▸ PROBLEM DETAILS: All pictures must be left out as you transcribe the lines from the first line of the data to the line containing "ELECTRIC MULTI-FUNCTION BRATT - PAN", both included.

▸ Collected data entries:
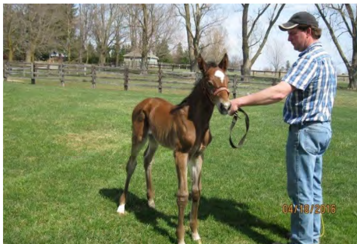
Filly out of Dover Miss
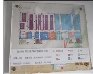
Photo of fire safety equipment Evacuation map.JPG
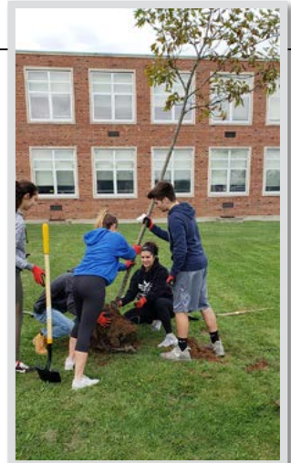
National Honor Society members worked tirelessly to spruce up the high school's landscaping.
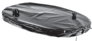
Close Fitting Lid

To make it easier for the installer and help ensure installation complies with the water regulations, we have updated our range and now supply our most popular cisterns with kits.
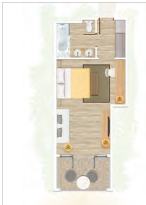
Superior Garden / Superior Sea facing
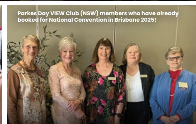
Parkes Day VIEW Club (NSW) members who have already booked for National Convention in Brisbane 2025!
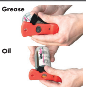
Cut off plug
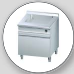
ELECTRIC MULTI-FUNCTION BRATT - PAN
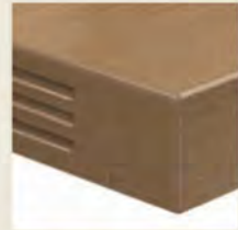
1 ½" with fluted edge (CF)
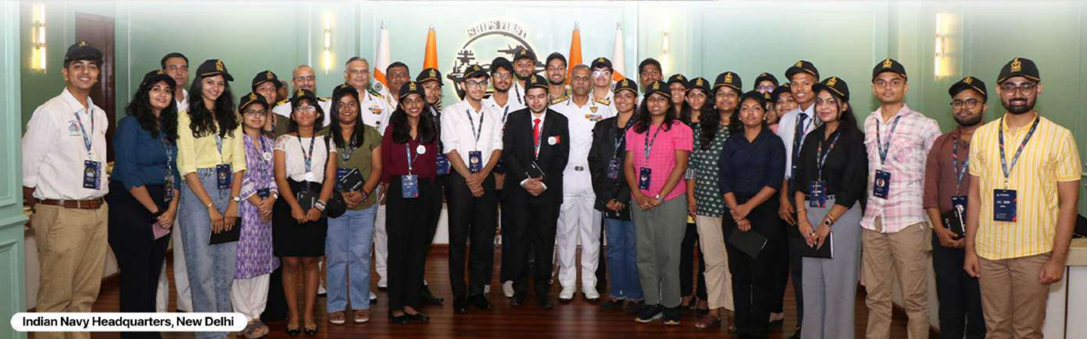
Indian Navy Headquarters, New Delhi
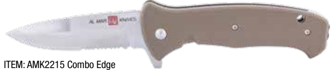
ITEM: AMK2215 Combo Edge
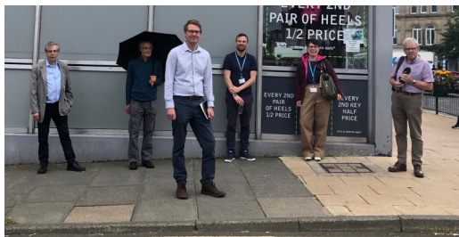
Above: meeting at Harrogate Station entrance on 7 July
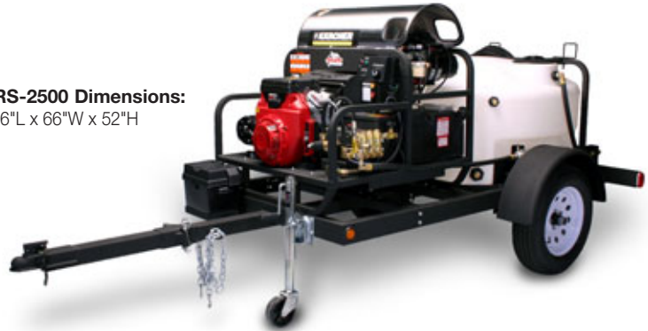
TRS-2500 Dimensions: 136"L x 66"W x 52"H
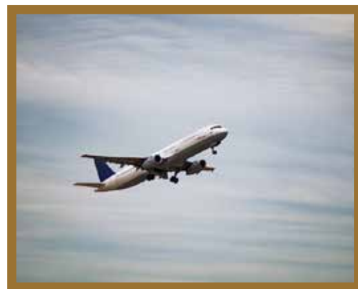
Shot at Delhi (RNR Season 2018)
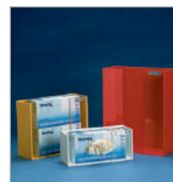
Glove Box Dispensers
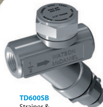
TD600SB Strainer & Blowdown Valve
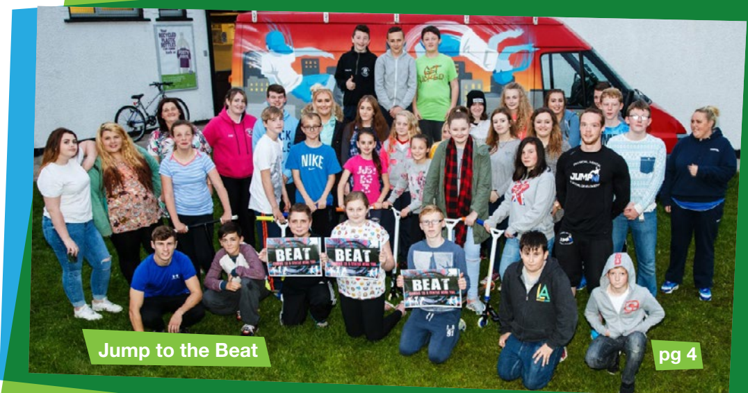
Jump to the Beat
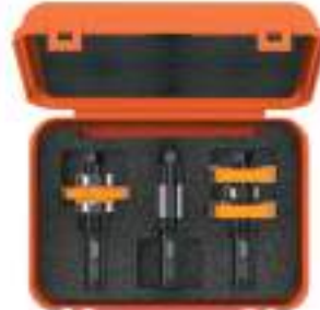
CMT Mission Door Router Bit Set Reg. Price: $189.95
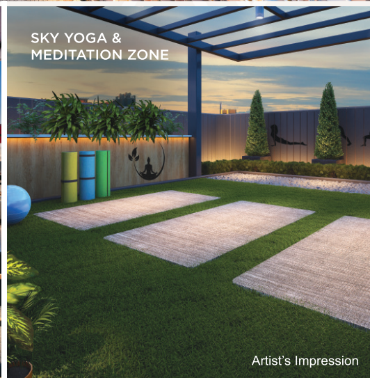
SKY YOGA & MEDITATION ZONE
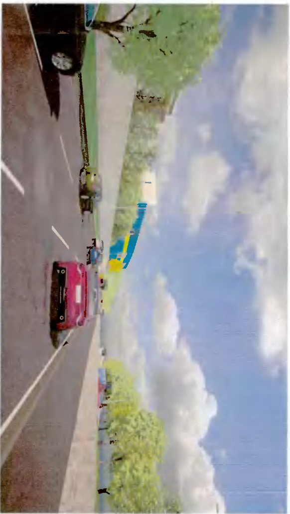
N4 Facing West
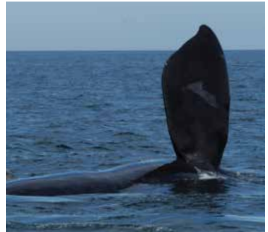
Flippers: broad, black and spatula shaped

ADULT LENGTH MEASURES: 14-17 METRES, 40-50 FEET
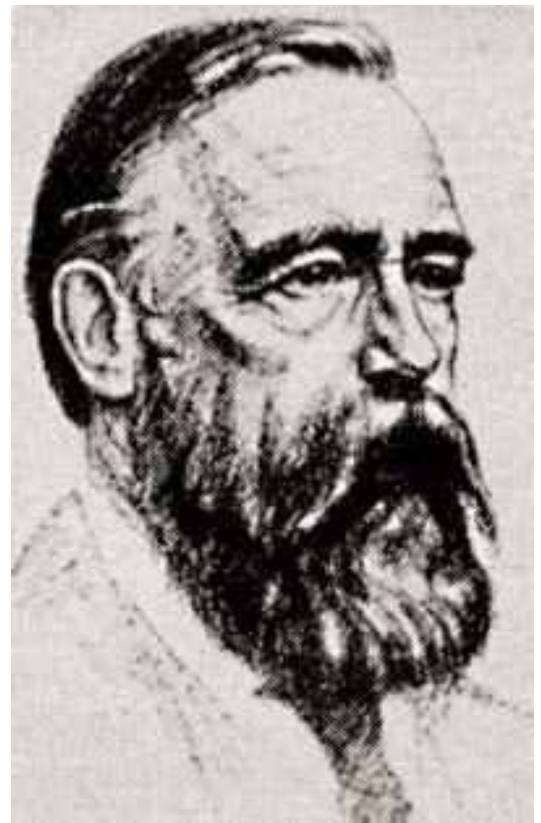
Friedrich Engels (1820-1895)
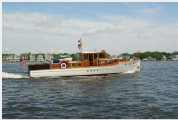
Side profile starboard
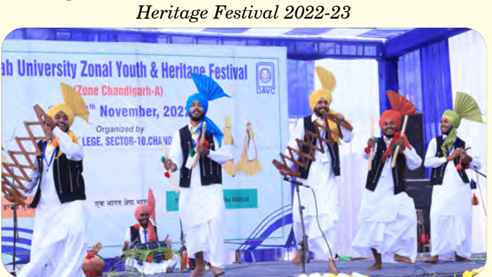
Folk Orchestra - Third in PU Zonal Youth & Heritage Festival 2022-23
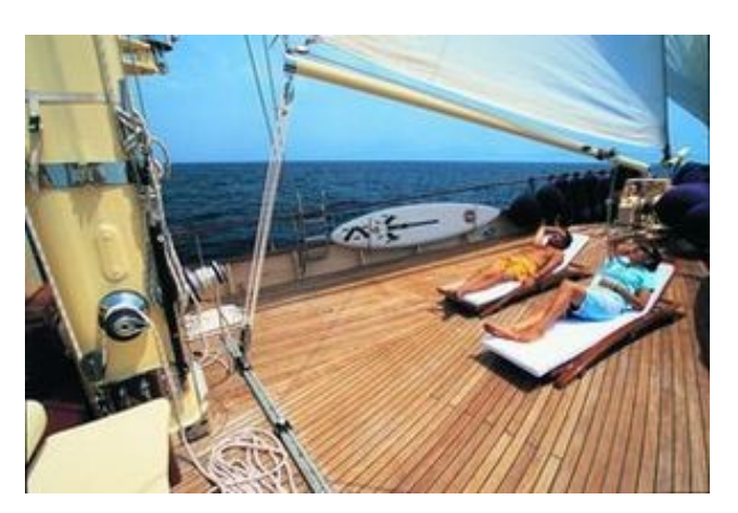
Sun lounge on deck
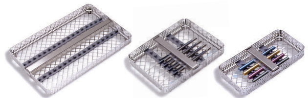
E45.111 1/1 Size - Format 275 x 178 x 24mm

▸ FINISHED TASK:
Filly out of Dover Miss
Photo of fire safety equipment Evacuation map.JPG
National Honor Society members worked tirelessly to spruce up the high school's landscaping.
Close Fitting Lid

To make it easier for the installer and help ensure installation complies with the water regulations, we have updated our range and now supply our most popular cisterns with kits.
Superior Garden / Superior Sea facing
Parkes Day VIEW Club (NSW) members who have already booked for National Convention in Brisbane 2025!
Cut off plug
ELECTRIC MULTI-FUNCTION BRATT - PAN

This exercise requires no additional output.